Predictive Maintenance with Industry 4.0
Precaution is Better than Cure! ~ even for machines
Maintenance is a demanding and taxing process. Not knowing when to schedule a maintenance run or send the maintenance team is even more menacing. With the advent of the fourth Industrial revolution, connected devices makes information about machines more available than before.
Your machines have a lot to tell you about when they need to be maintained. The best way to optimize your machine health is by monitoring it. A huge advantage of monitoring your systems is knowing when to accurately plan a maintenance run for your machines. The internet in the last decade has proved to be a pivotal enabler of functionalities which would have been deemed impossible by its previous generations. Industry 4.0 partly deals with interpreting machine data and figuring out patterns from raw data to convert into an algorithm.

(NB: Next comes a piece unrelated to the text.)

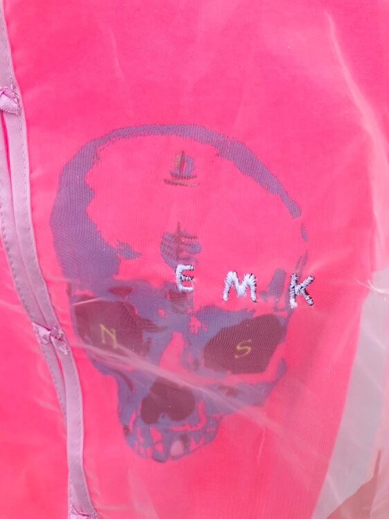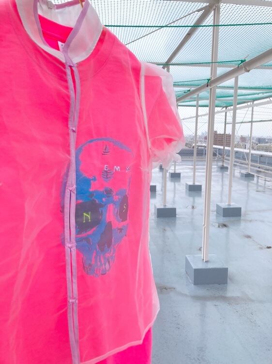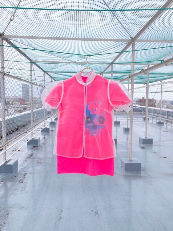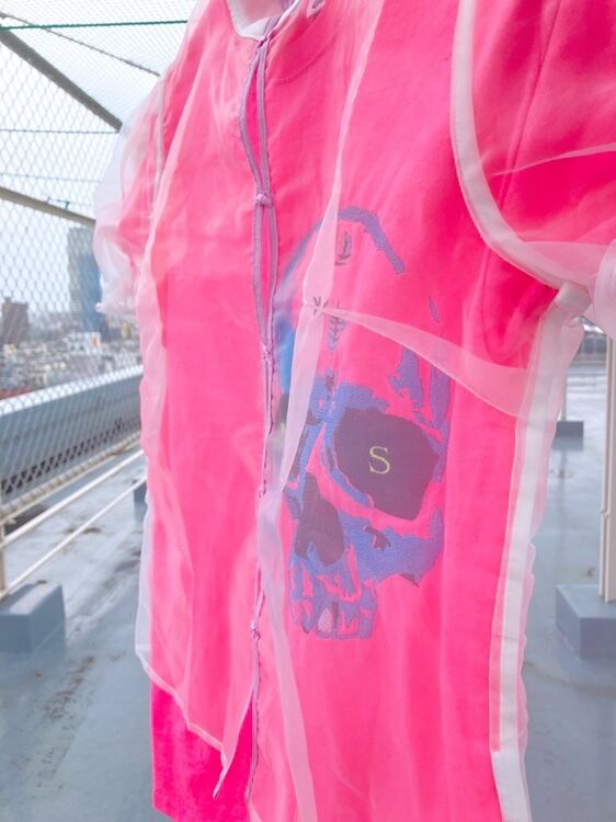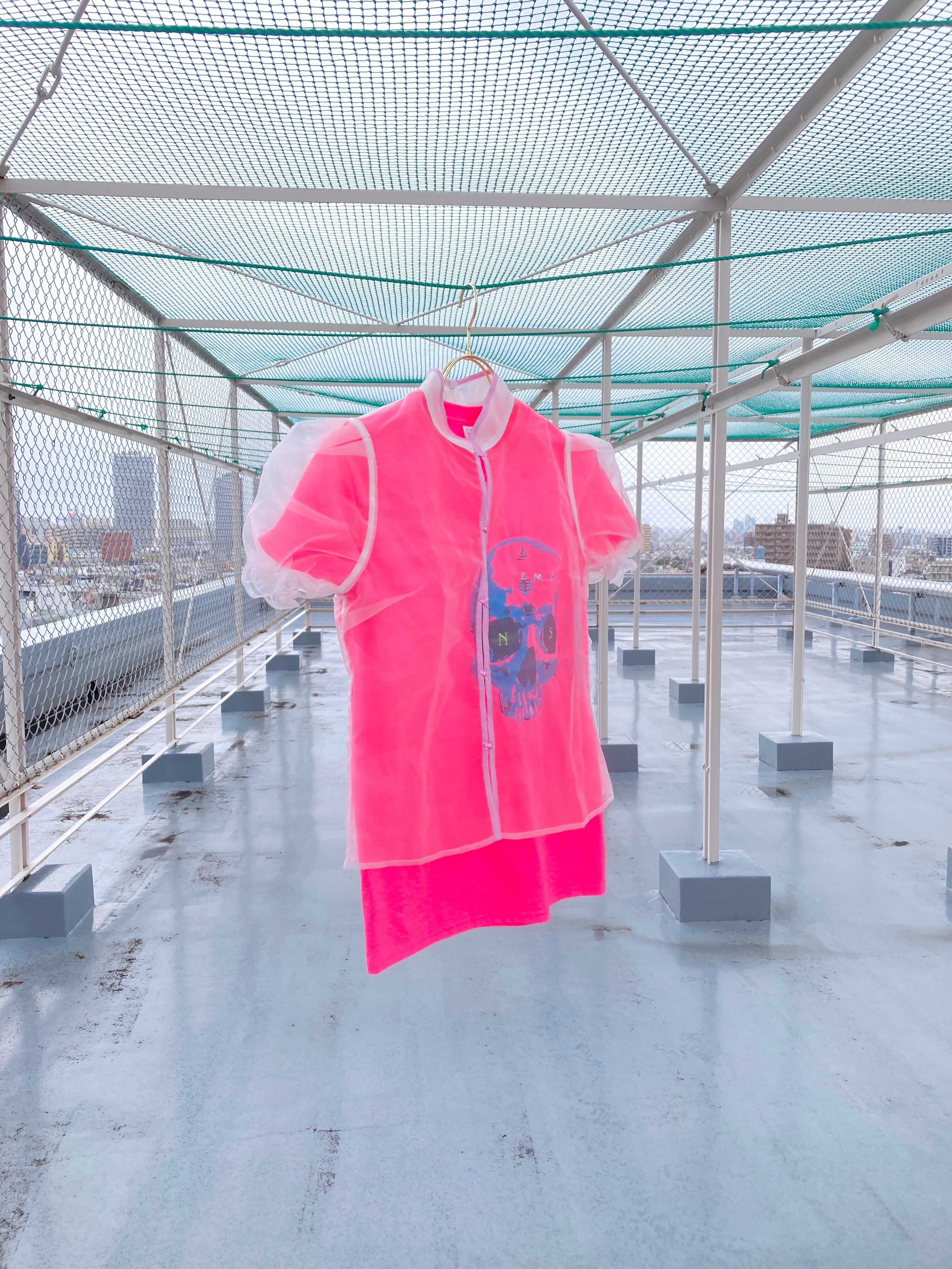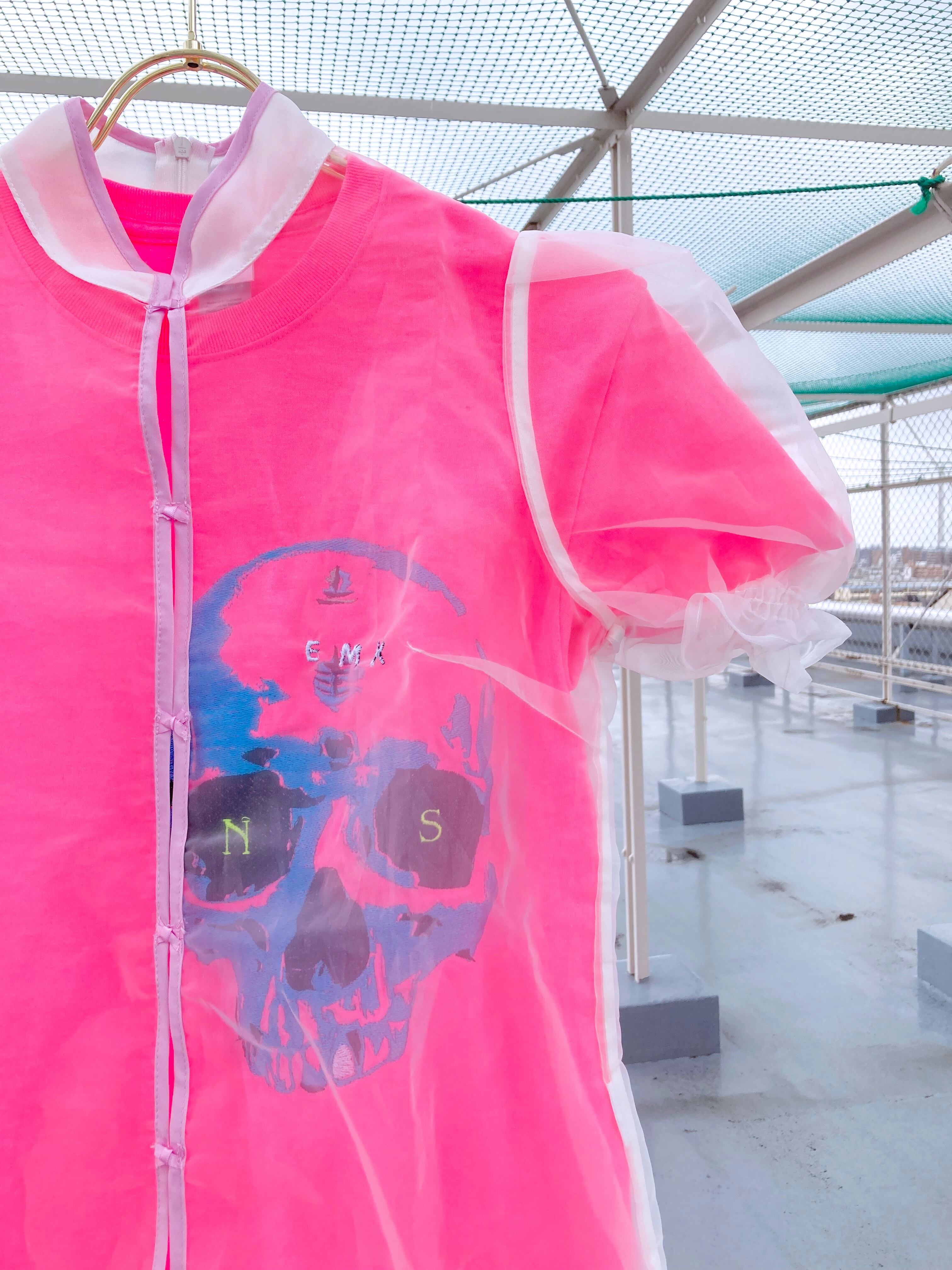スカルの顔が大きく刺繍された蛍光ピンクのTシャツに、可愛らしいシアートップスを重ねて。

Once these machines become Artificially Intelligent, they can learn from these algorithms to find out when it is going to need maintenance or when the machine is going to have a breakdown and take appropriate actions of fixing its machine cycles on its own. We have not reached that level of technology or trust, where humans program machines and allow them to take decisions on their own. But, we have certainly dawned upon the concept of predicting the period when maintenance could be needed for a particular machine.
By installing controllers on machines,we receive data on the functioning of that instrument. Using this data, we can create a pattern of when the appliance is working in pristine condition and when it is not. Using this pattern, an algorithm is created to accurately detect when the machine could need its next maintenance run. Thus we reduce the requirement of a preventive maintenance run by accurately predicting when the machine needs maintenance the most. Predictive Maintenance will also deliver on reporting the condition of the machine at all times, thus keeping track of its health.
Why is Predictive Maintenance so crucial?
Well for humans, not knowing what the future lies for you is considered to be a good thing. Significantly, it is quite the opposite for machines. The benefits of predictive maintenance are clear, thanks to collected data. For instance:
- Early maintenance or preventive maintenance could risk loss of revenue for the machine needs to stop functioning for the maintenance run to be carried out, only to find out that it did not need maintenance in the first place.
- Late maintenance which is widely known as corrective maintenance, would cause greater loss of revenue as not only the appliance has to be stopped, but some machine parts could also need replacement due to excessive use, corrosion or wear and tear.
- In some industries & factories, condition reporting is a manual task. Staff members have a habit of submitting hand written reports of machine health after each shift. This irregular information format makes it difficult to assess issues and condition trends.
- Accurately planning a maintenance run will lower machine downtime.Thus, assets will be able to deliver with greater efficiency at a reduced maintenance cost.
IOT is nothing but transferring machine data from one platform to another(normally a cloud platform) using the internet. Predictive maintenance is a huge application of what the Internet of Things can do with machine data.
Embedos being an Industrial IOT company is a big believer in predictive maintenance.
We design our devices generally based on customer requirements with a default option of reporting when machine health deteriorates. Machine cycle time, duration, output, idle times etc is what is reported about to predict when maintenance is needed the most. With IOT, condition reporting can be automated with access to loads of data, thus allowing system generated reports to help in more accurate decision making. By collecting and displaying data on a consolidated dashboard, maintenance runs can be evaluated and scheduled before the condition becomes severe.
Maintenance is a calculated and a tactical process for manufacturers and product developers alike. Almost 30 percent of planned maintenance schedules are ineffective with regard to its timing. Preventive maintenance is too costly and is deemed futile by consuming essential resources needlessly.